Once the volume has been fully agglomerated, learning starts over, which can
result in repeated elements. training_data
is the set of unique learning
samples encountered over all epochs, while all_training_data
is a list of
the samples encountered in each epoch (including repeats).
Now that we have a training sample, we can train a classifier, such as
classify.RandomForest
, which is a wrapper of vigra.learning.RandomForest
to match the classifier interface in scikit-learn
:
features, labels, weights, history = training_data
rf = classify.RandomForest()
rf = rf.fit(features, labels[:,0])
rf.save_to_disk('my-random-forest.rf.h5')
As seen above, the RF can be saved in HDF5 format for future use. It's easy to reload later:
rf = classify.RandomForest()
rf.load_from_disk('my-random-forest.rf.h5')
Let's use it right now though:
# use agglo.classifier_probability to create a closure over the feature map and
# classifier that satisfies the definition of a merge priority function.
learned_priority_function = agglo.classifier_probability(fc, rf)
test_prob = imio.read_image_stack('test-probabilities-*.png')
test_label_field = morpho.watershed(test_prob)

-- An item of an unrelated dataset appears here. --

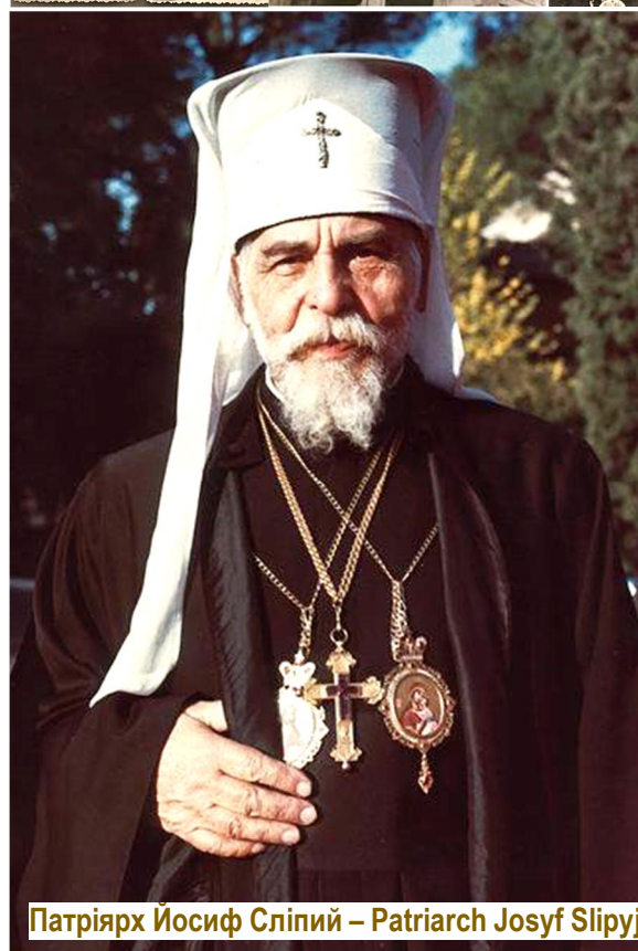
Патріярх Йосиф Сліпий – Patriarch Josyf Slipyi

Прийми Господи, молитви наші за Св. Пам. Патріярха Йосифа, якого Ти нам у своїй доброті був післав. Помози нам, Господи, працювати для збереження нашої рідної церкви, для якої все життя невтомно трудився Патріярх Йосиф, та якої права так відважно і віддано обороняв.

gtest = agglo.Rag(test_label_field, test_prob, learned_priority_function,
feature_manager=fc)
gtest.agglomerate(inf)
test_ucm = gtest.get_ucm()
It's probably a good idea to save the UCM for later:
imio.write_h5_stack(test_ucm, 'test-ucm.h5')
By default, imio
puts datasets in the 'stack'
group in the HDF5 file, but
you can specify your own.
imio.write_h5_stack(test_ucm, 'test-ucm.h5', group='volume')
We have now done our first learned agglomeration. But how do we know how well we have done?
We can use the evaluate
submodule to check our performance.
from gala import evaluate as ev
from scipy.ndimage.measurements import label
t = imio.read_h5_stack('test-gold-standard.h5')

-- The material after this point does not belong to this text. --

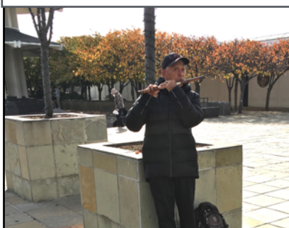
Gentleman playing soothing, beautiful music.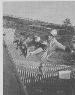
The Morfa ramp

And finally, you may or may not be interested to know, there are new French ramps in Bordeaux, La Rochelle and Biarritz . Thankyou and goodnight.

s = label(ucm_test < 0.5)[0]
# variation of information, including decomposition, and multiple thresholds
vi = ev.vi(s, t)
svi = ev.split_vi(s, t)
vit = ev.vi_by_threshold(test_ucm, t)
# draw the split-vi plot
from matplotlib import pyplot as plt
plt.plot(vit[1], vit[2])
plt.show()
# rand index and adjusted rand index
ri = ev.rand_index(s, t)
ari = ev.adj_rand_index(s, t)
# Fowlkes-Mallows index
fm = ev.fm_index(s, t)
# pixel-wise precision-recall
pr = ev.pixel_wise_precision_recall(s, t)
That's a quick summary of the capabilities of Gala. There are of course many options under the hood, many of which are undocumented... Feel free to push me to update the documentation of your favorite function!